A silver lining in Gap's (GPS -0.80%) otherwise dour first-quarter earnings report yesterday was that sales at already opened stores have recaptured 70% of last year's numbers.

CFO Katrina O'Connell told analysts, "we're pleased with reopened stores already generating sales at nearly 70% of their performance last year, with particular strength at Old Navy, where our customer base is strong and our store fleet is advantaged given its off-mall positioning."

The only problem is, the retailer's sales last year were a pretty low bar to step over.

Gap employee folding clothes.

Image source: Gap.

Nowhere to go but up

All three of Gap's multi-billion dollar brands -- Banana Republic, Old Navy, and its self-named chain -- failed to record a single instance of same-store sales growth in any quarter of 2019 and its Gap brand has only notched one quarter of positive comps in the last five years.

Obviously the COVID-19 pandemic shutting down all of its retail stores for two months wiped out most revenue and caused Gap to record a $1.2 billion loss for the quarter, so getting any sales going again is important. Yet as a triumph, it's not much to trumpet.

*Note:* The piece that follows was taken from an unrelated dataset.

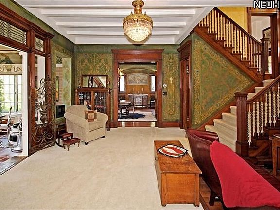 LAKEWOOD Mini Estate with Coach House overlooking the Emerald Necklace and glorious sunsets! A historic jewel with soaring ballroom ceilings and Waterford chandeliers. Walk into the stunning light filled gracious parlour and through the double wrought iron gate to the breathtaking architectural details include glistening leaded glass windows and rich mahogany throughout. The Carriage House has a finished one bedroom apartment.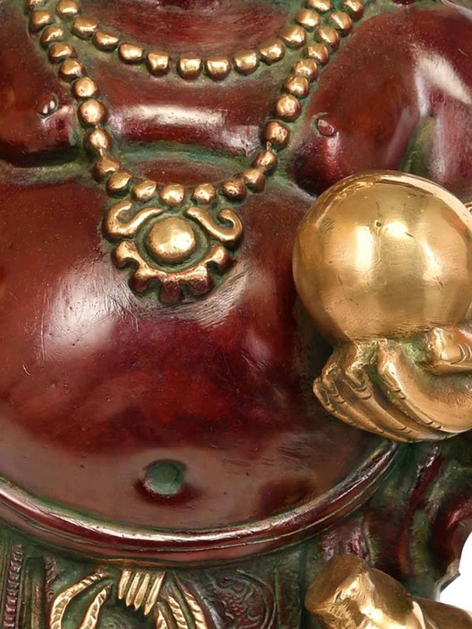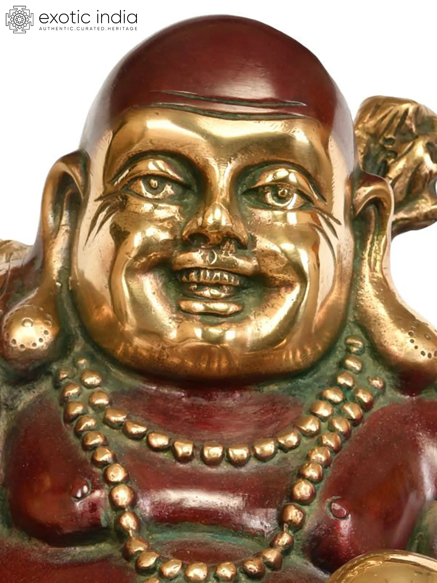This sculpture masterfully portrays the characteristics associated with the Laughing Buddha. His broad, beaming smile is the focal point, conveying an unshakeable sense of joy and mirth. Adorned with intricate bead necklaces and draped in flowing robes, the figure is further enhanced by the rich detailing that speaks to the skill of the artisan. In his hand, he often holds a precious orb, symbolizing wealth and good fortune, and sometimes a string of prayer beads or a wealth-invoking pouch. The vibrant contrast between the deep bronze hues and the subtle green patination on certain areas adds depth and visual interest, highlighting the intricate craftsmanship. This statue is not merely an object but a conduit for positive energy, designed to attract luck, wealth, and happiness to its surroundings. Its substantial size makes it a commanding yet comforting presence, ideal for placement in a prominent location where its benevolent spirit can be fully appreciated. Each curve and contour is a testament to the dedication and expertise of the Indian artisans who brought this divine form to life, ensuring a unique and cherished piece for generations to come.

Total sales were down 2% in last year's first quarter as comps fell across the board, and were down by double-digit rates at the Gap brand. Even Old Navy saw a 1% drop from the prior year, so even if Gap gets all three brands back to breakeven it's still a lower threshold it is crossing over.

Retailers will need time to recover from the lockdowns, and Gap's rebounding sales are at least hopeful if it wants to be able to effect the turnaround it is trying to achieve.